Also, I try not to speak of “Christianity does this,” or “Islam does that”. Christianity and Islam are ideas. Of themselves, they do not move, or grow, or rule, or fight, or persecute. Christians and Muslims do that, and they are people, rooted in particular societies and times. There can be struggles between Christians and Muslims, but not between Christianity and Islam.

I also stress how very diverse and varied the religions are. Christians and Jews usually think of Islam just in terms of some very strict and puritanical forms. In reality, Islam is very diverse, and Muslims follow very different traditions: some are very open-minded and intolerant, others are intolerant. It may sound obvious to a Muslim, but that genuinely is not known to many in the West.

To take a recent example, I was struck by the mass movement of ordinary people in Libya who fought and drove out the terrorist militias who had killed the US ambassador. The crowds took this step in the name of Islam, they shouted “Allahu Akbar”. This story was not widely reported or acknowledged in the US because it undermined the basic assumption that Islam and terrorism are closely allied.

 

Q: Me too, but rather may have been planned in advance, according the U.S. and Libyan officials, see. Sam Kiley (September 12, 2012). "US Anti-Muslim Film 'Designed To Enrage'". Sky News. http://uk.news.yahoo.com/us-anti-muslim-film-designed-enrage-112301683.html. Retrieved September 12, 2012. 
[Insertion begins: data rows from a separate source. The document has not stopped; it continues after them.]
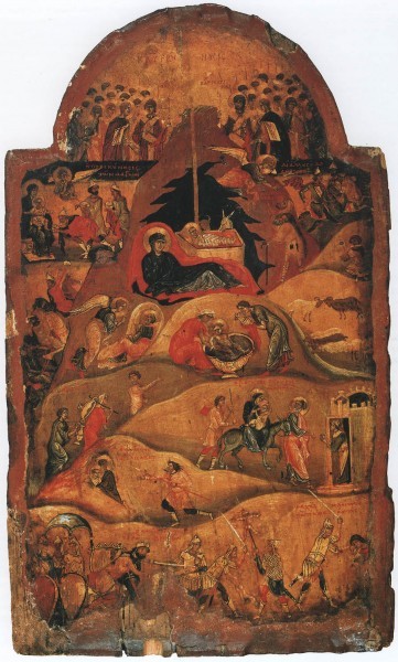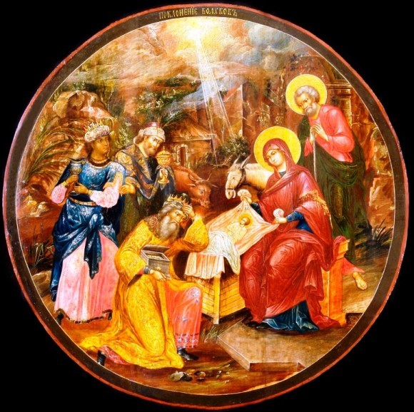В византийской станковой живописи (иконописи) сцена «Поклонение волхвов» вливается в композицию «Рождество Христово» как один из изображаемых эпизодов. Хронологически поклонение волхвов состоялось несколько позднее поклонения пастухов, тогда, когда святое семейство уже разместилось в одном из домов Вифлеема. Но в христианском искусстве допускается совмещение разновременных событий в одной композиции. Для ясного выражения богословского смысла происходящего некоторые формальные детали могут не акцентироваться или даже игнорироваться.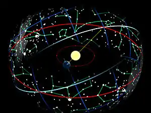 These astrological signs form a celestial coordinate system, or more specifically an ecliptic coordinate system, which takes the ecliptic as the origin of latitude and the Sun's position at vernal equinox as the origin of longitude.[4]
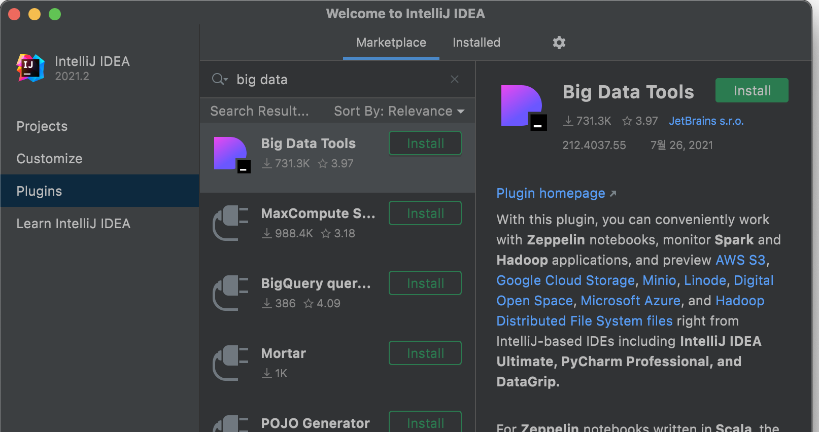 인스톨 이후 Plugins에서 Big Data Tools를 인스톨 해준다.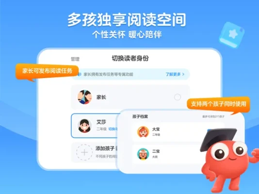 多孩独享阅读空间:支持家长、孩子多用户切换,家长可为孩子发布阅读任务,培养孩子阅读习惯,提高阅读能力。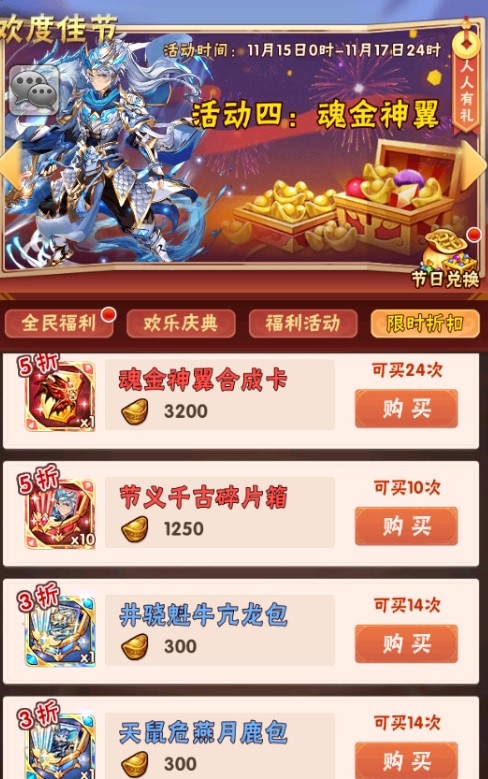 双十一欢庆第四轮:魂金神翼+魂金武将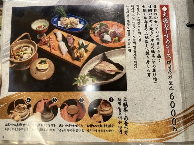 メニューは日本語と韓国語が併記。おすすめとか一品ずつ頼むか、にぎり寿司と何かにするか、いろいろと食べたかったし、今回は「大将おすすめコース」にする。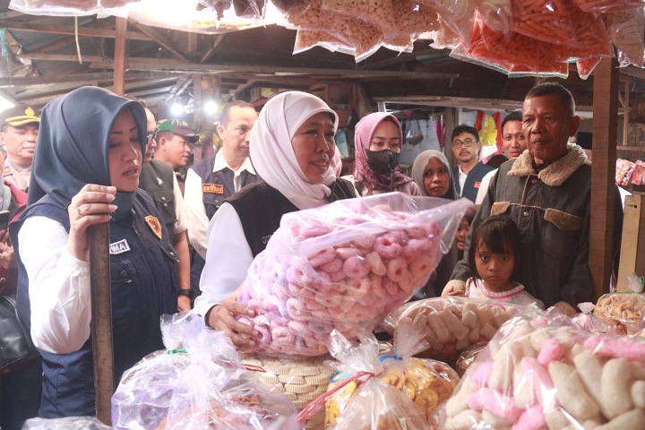 SURABAYAPAGI.COM, Mojokerto - Untuk memastikan suplai harga kebutuhan pokok aman dan terkendali, khususnya di bulan Ramadhan ini, Gubernur Jawa Timur Khofifah Indar Parawansa bersama Bupati Mojokerto Ikfina Fahmawati melakukan sidak pasar ke pasar rakyat Kedungmaling, Sooko dan Pasar Raya Mojosari.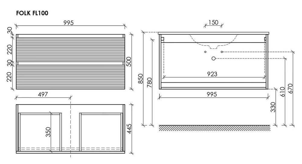 Тумба подвесная, с рельефным фасадом Sancos Folk (Ш:Г:В), 995х445х500 мм, c двумя ящиками, оснащенными доводчиками скрытого монтажа с системой плавного закрывания, цвет ergraut soft, арт. FL100ES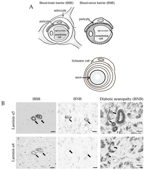 Peripheral nerve tissues mainly compose the BNB, Schwann cells, and nerve axons. The BNB is mainly localized in the microvessels of peripheral nerves within the peripheral neural parenchyma (endoneurium) and consists of vascular endothelial cells bound by tight junction proteins, pericytes attached to the outer side of the vascular endothelial cells, and basal laminae covering these two types of cells. Like the blood–brain barrier (BBB) in the central nervous system, the BNB acts as a wall preventing the influx of harmful substances circulating in the blood into peripheral nerves [6]. The BBB is mainly composed of brain microvascular endothelial cells, pericytes, astrocytes, and the two distinct basement membranes. The BNB has a similar structure to the BBB, with the exception of lacking astrocytes (Figure 1A). It had previously been thought that the BNB was leaky compared to the BBB, as a result of the lack of astrocytes, but several reports showed that the BNB has a barrier function as robust as that of the BBB [7,8] and acts as an interface to maintain the microenvironment in peripheral nerves by expressing transporters for the transportation of nutrients, such as glucose and amino acids, as well as for the excretion of waste products [6,9]. The basement membrane in the BBB and BNB consists of a mixture of extracellular matrix proteins including collagen IV and laminin [10]. Laminin is a trimeric molecule comprising α-, β-, and γ-subunits and shows specific expression in the central and peripheral nervous systems [10]. We showed that laminin α4 was hardly expressed in the BNB compared with the BBB (Figure 1B), whereas α5, β1, β2, and γ1 were widely expressed in the BBB and BNB [11]. In experimental autoimmune encephalomyelitis, a relevant preclinical model of multiple sclerosis laminin α4 facilitates the transmigration of T lymphocytes across the BBB because integrin α6β1, a major counterpart receptor of laminin α4, is strongly expressed on all T lymphocytes [12]. These results showed that T lymphocytes, with integrin α6β1, migrated across the BNB through other factors (except for laminin α4 in peripheral autoimmune neuropathies), suggesting the BNB has its own barrier system because of a lack of laminin α4 in the BNB. On the other hand, laminin α5 plays a key role in the maintenance and repair of BBB after hypoxic injury and inflammation [13]. Therefore, we hypothesized that BNB-specific laminin expression without laminin α4 might promote almost the same properties as a barrier system as those with the BBB.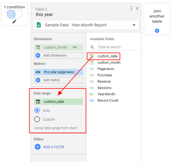 9-5. 當放進來之後,會發現下面有「自動 (Auto)」與「自訂 (Custom)」兩種模式可以選擇。自動 (Auto) 的意思是不指定日期,會依據報表上面的日期控制項來調整資料選取區間,而自訂 (Custom) 則可以讓我們自行指定這個資料表的資料範圍。因為我們目前將這張資料表定義為今年 2023 年的資料,因此我們就選擇「自訂 (Custom)」,並將區間調整為「今年 (This year)」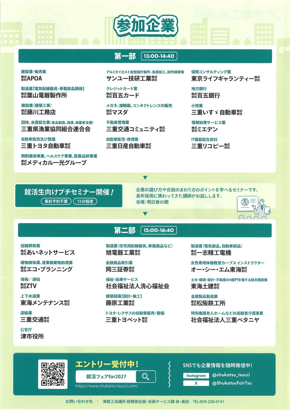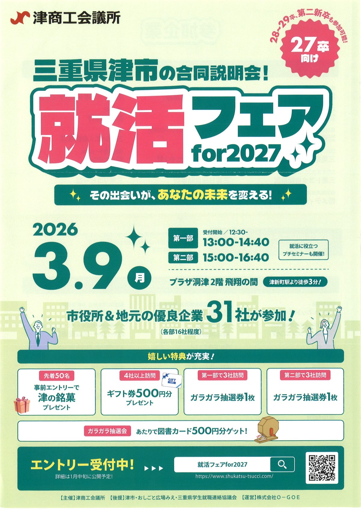 2026年02月24日 3/9 就活フェアfor2027《津商工会議所主催》プラザ洞津 就活フェア for 2027に、当社ブースを出展します! 日時:2026年3月9日(月)第二部 15:00-16:40 場所:プラザ洞津2階 飛翔の間(津新町駅より徒歩3分) 津商工会議所主催です。地元の優良企業が参加します! 当社ブースにぜひお越しください! 一覧へ戻る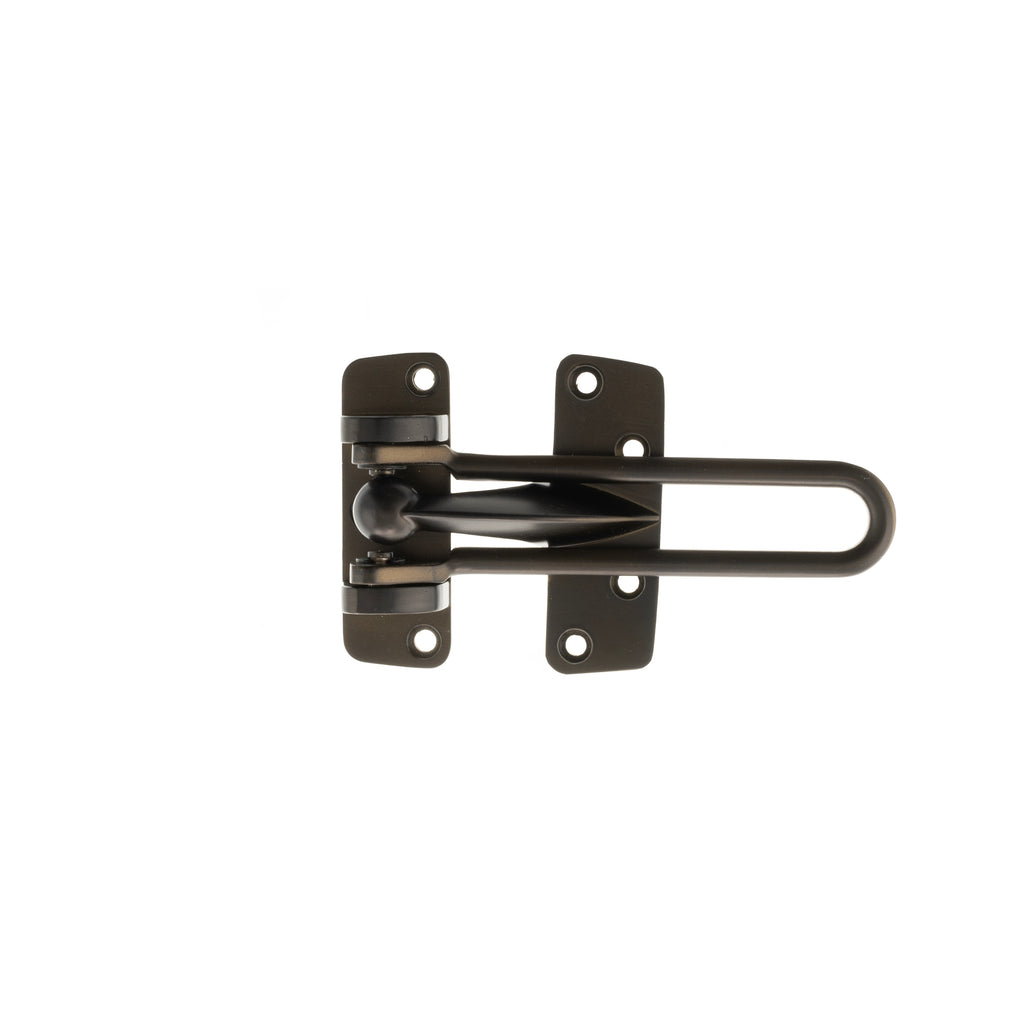 A Door Guard offers extra security to doors by blocking access when the guard is locked.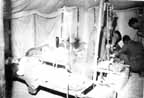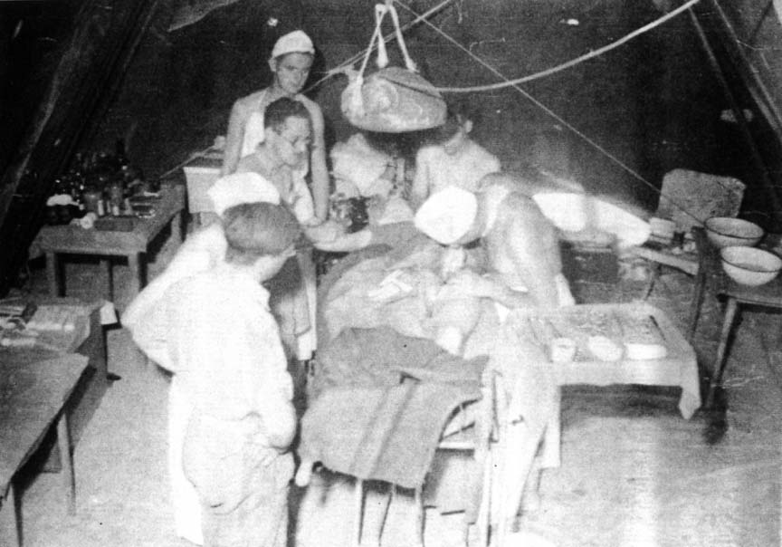 All that night the generator supplying the operating theater kept a constant guttural hum. There were men badly burned, men with bones broken, men with shrapnel and bullet wounds, men with limbs to be amputated. One man, with nose and lips burned away, was a swath of bandages. He was more ghost than man. The MO's (medical officers) after weeks of enforced idleness were suddenly rushed beyond belief and worked in shirt-sleeves through the night. They did a good job.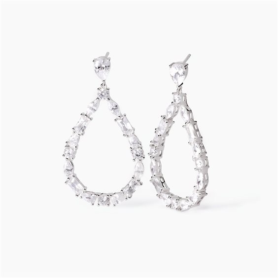 Orecchini da donna in argento rodiato con pendente a forma di goccia con navette e zirconi taglio baguette e taglio goccia. Gli orecchini pendenti hanno una larghezza di 24,5 mm e una lunghezza di 36,5 mm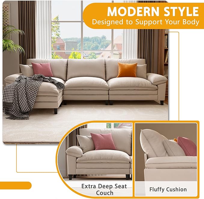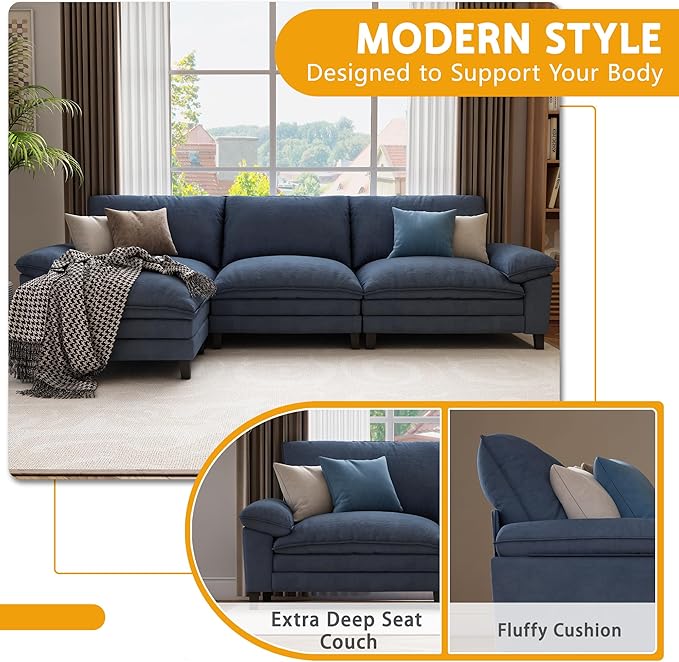 - MODERN 3 SEATER COUCH: The Cloud sectional Sofa features upholstered 2-layer seat cushions with high-resiliency foam to provide a soft and cozy feel. With its sleek and elegant design, it complements various home decor styles, adding a touch of sophistication to your living space

Reuters, Maker of anti-Islam film goes into hiding, December 9, 2012, (retrieved 09-14-2012)

Philip Jenkins:

 

Q:  You didn't blindly follow the 'clash of civilizations'/'with us or against us' could you elaborate on that please?

Philip Jenkins: Again I turn to history. It certainly is true that we see many signs of clashes in the modern world, but that is not true always and everywhere in the way it would be ifcivilizations were rigid and unchanging. The more history we know, the more we see that civilizations and religions sometimes cooperate, and sometimes fight. The clash is not inevitable or eternal.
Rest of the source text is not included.